From “Know Your Enemy” (2001)
A ragged return to anger and noise. “My Guernica” thrashes with political fire and punk urgency, a raw reminder of the Manics’ uncompromising heart. Know Your Enemy was sprawling, uneven, but defiantly human — a middle finger to polish and conformity.
💫 Daft Punk – “Veridis Quo”
From “Discovery” (2001)
Dreamy and cosmic, “Veridis Quo” sounds like robots falling in love. The title — a pun on “very disco” — captures the duo’s mission perfectly: turning nostalgia into something timeless. Discovery remains one of electronic music’s great odysseys, gliding between euphoria and melancholy with effortless grace.
⚡️ Air – “Electronic Performers”
From “10 000 Hz Legend” (2001)
Air abandoned the soft glow of Moon Safari for something stranger, colder, and more artificial. “Electronic Performers” opens the album with a robotic hymn to creativity itself — a lush, synthetic symphony that questions whether machines can dream.
🪐 Muse – “Micro Cuts”
From “Origin of Symmetry” (2001)
Operatic and apocalyptic, “Micro Cuts” showcases Matt Bellamy’s otherworldly falsetto slicing through guitars and chaos. Origin of Symmetry was where Muse found their identity — bombastic, fearless, and utterly unrestrained.
💄 Garbage – “Parade”
From “Beautiful Garbage” (2001)
Shirley Manson leads a shimmering, seductive march through heartbreak and defiance. “Parade” blends glam swagger with digital edge, reflecting an album that dared to be more pop than its predecessors while retaining its bite.
❄️ Björk – “Heirloom”
From “Vespertine” (2001)
Tender and intimate, “Heirloom” feels like a lullaby transmitted through snow. Vespertine is Björk’s most delicate creation — full of microscopic sounds, music boxes, and whispered electronics that seem to hover just above the human pulse.

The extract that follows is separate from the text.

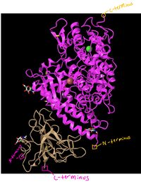 - Figure 11: 3d image of SARS-CoV RBD (the year 2002) complexed with Human ACE-2 (2AJF) with the N-terminus and c-terminus highlighted.

🖤 Depeche Mode – “Comatose”
From “Exciter” (2001)
“Comatose” drifts through dark, sensual minimalism — electronic gospel for the lonely. On Exciter, Depeche Mode stripped back their sound, trading industrial weight for icy atmosphere, creating one of their most quietly haunting works.
🏁 Drive-By Truckers – “The Three Great Alabama Icons”
From “Southern Rock Opera” (2001)
To close, a Southern epic — part rock history, part autobiography. “The Three Great Alabama Icons” reimagines Lynyrd Skynyrd, George Wallace, and Patterson Hood’s father through a haze of pride and pain. Southern Rock Opera is storytelling as redemption, a two-disc myth about music, memory, and the South itself.